*** Block opens ***
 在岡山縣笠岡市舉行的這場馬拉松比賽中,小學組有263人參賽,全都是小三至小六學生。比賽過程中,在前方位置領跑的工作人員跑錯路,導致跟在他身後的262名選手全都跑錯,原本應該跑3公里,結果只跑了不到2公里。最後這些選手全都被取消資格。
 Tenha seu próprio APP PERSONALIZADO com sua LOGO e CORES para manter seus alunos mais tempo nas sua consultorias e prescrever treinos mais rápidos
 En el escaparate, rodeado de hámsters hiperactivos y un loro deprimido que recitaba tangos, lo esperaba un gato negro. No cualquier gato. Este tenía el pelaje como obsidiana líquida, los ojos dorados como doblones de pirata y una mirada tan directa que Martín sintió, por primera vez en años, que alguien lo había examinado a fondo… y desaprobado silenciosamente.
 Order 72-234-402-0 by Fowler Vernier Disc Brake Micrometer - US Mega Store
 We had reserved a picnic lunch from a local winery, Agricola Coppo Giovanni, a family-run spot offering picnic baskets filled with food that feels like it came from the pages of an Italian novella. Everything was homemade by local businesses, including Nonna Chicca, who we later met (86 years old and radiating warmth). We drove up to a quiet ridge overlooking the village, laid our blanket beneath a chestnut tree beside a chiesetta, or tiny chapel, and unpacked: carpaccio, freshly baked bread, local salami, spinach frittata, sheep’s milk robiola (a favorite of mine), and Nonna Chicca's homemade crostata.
*** Block closes ***
*** Block opens ***
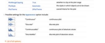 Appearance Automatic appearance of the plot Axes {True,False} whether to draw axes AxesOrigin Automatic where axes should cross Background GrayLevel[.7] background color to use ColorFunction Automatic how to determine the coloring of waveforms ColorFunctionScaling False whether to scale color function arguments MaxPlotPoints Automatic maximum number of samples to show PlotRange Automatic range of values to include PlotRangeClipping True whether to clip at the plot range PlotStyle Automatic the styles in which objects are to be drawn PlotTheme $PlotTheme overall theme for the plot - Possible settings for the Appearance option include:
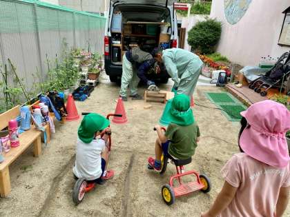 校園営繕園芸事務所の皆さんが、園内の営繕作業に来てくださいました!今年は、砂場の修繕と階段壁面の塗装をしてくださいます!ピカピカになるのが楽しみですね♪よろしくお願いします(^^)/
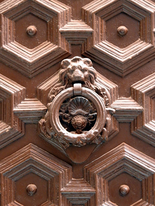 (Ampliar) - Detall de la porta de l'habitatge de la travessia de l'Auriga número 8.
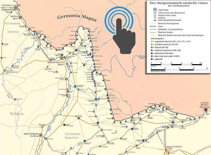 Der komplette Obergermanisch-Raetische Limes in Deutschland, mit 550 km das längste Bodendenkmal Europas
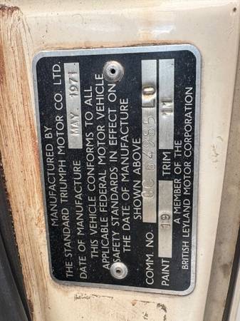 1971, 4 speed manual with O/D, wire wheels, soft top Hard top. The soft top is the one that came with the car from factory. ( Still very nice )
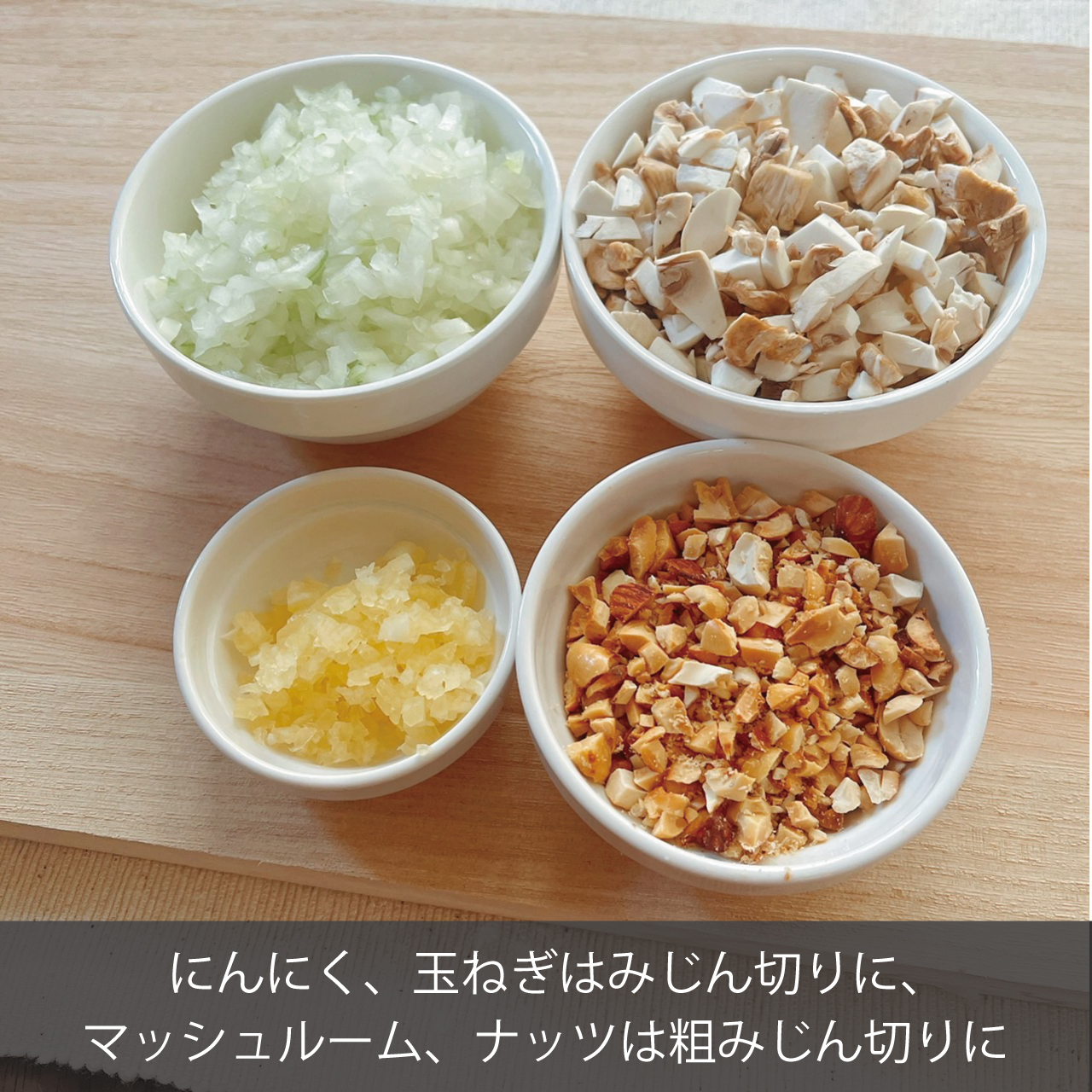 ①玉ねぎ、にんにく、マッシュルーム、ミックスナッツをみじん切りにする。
*** Block closes ***
## [Task prompt]
Retype exactly, and only, the lines above from the one where "在岡山縣笠岡市舉行的這場馬拉" occurs up to and including the one where "Tenha seu próprio" occurs.

## [Response]
 在岡山縣笠岡市舉行的這場馬拉松比賽中,小學組有263人參賽,全都是小三至小六學生。比賽過程中,在前方位置領跑的工作人員跑錯路,導致跟在他身後的262名選手全都跑錯,原本應該跑3公里,結果只跑了不到2公里。最後這些選手全都被取消資格。
 Tenha seu próprio APP PERSONALIZADO com sua LOGO e CORES para manter seus alunos mais tempo nas sua consultorias e prescrever treinos mais rápidos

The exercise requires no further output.